It's been a tough few days, I've been mostly dealing with the physical pain that I seem to be suffering with this time, I've had this before so you would think that I'd know what to expect, but from my experience every laparascopic surgery is different, and this one was painful.
The whole of my tummy area last night was wracked with pain for about half an hour last night which was very uncomfortable, and also the day after I got home from the hospital was shear agony all day. But it is getting better each day and I'm hoping I can get back to normal fairly quickly.
I'm also still reeling from the shock of it all, This time last week I was getting excited about whether we would see one of two babies on the screen at our first scan. That session left me feeling confused and sure that my luck was going to play a part and that this was going to be ectopic as we couldn't see any babies on the screen at all.

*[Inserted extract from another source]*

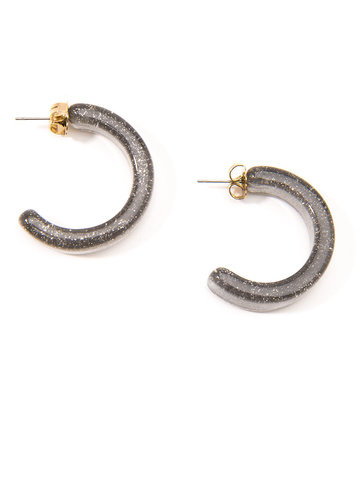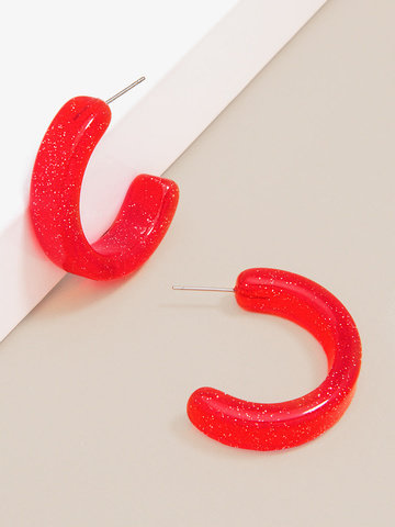 Small, half hoop earring made of resin with colored glitter inside. Lightweight and features gold post back.

On Wednesday we went back and our worst fears were confirmed, when Linsey said to me it definitely looks ectopic as it's outside the uterus I could have died on the spot.
It's hard to come to terms with it, knowing that there is a baby growing but it's just 2 cm in the wrong place, which means someone is going to cut me open and rip it out.
Within an hour we were at Frimly Accident and Emergency as this was the fastest way to get me admitted, I had a letter to take with me and Mr Riddle had phoned ahead to tell them to expect me, I'm sure this got me through a lot faster as we only seemed to wait in A&E for about 20 minutes in total, when the room was packed!
Within 3 hours I was dressed in a lovely gown, with those sexy stockings that stop you getting thrombosis and getting the final talk from the anaesthetist.
I don't remember much after that as I was wheeled down to the theatre and knocked out pretty fast.
I do know that they safely removed the pregnancy and sealed that tube up as close to the uterus as possible, and while they were in there they also put a clip on the other tube in order to bring that as close as possible too, this is to limit the chances of this happening in the future - as yes I will always be a high risk candidate for an ectopic pregnancy.
I was allowed home on the Friday where I have pretty much stayed since then as it hurts too much to do anything else right now.
My mum is coming home on Wednesday and I have friends coming from the US to stay from Thursday of this week, so I'm looking forward to that. I will be taking some time out and getting my head around the fact that once again I'm not pregnant.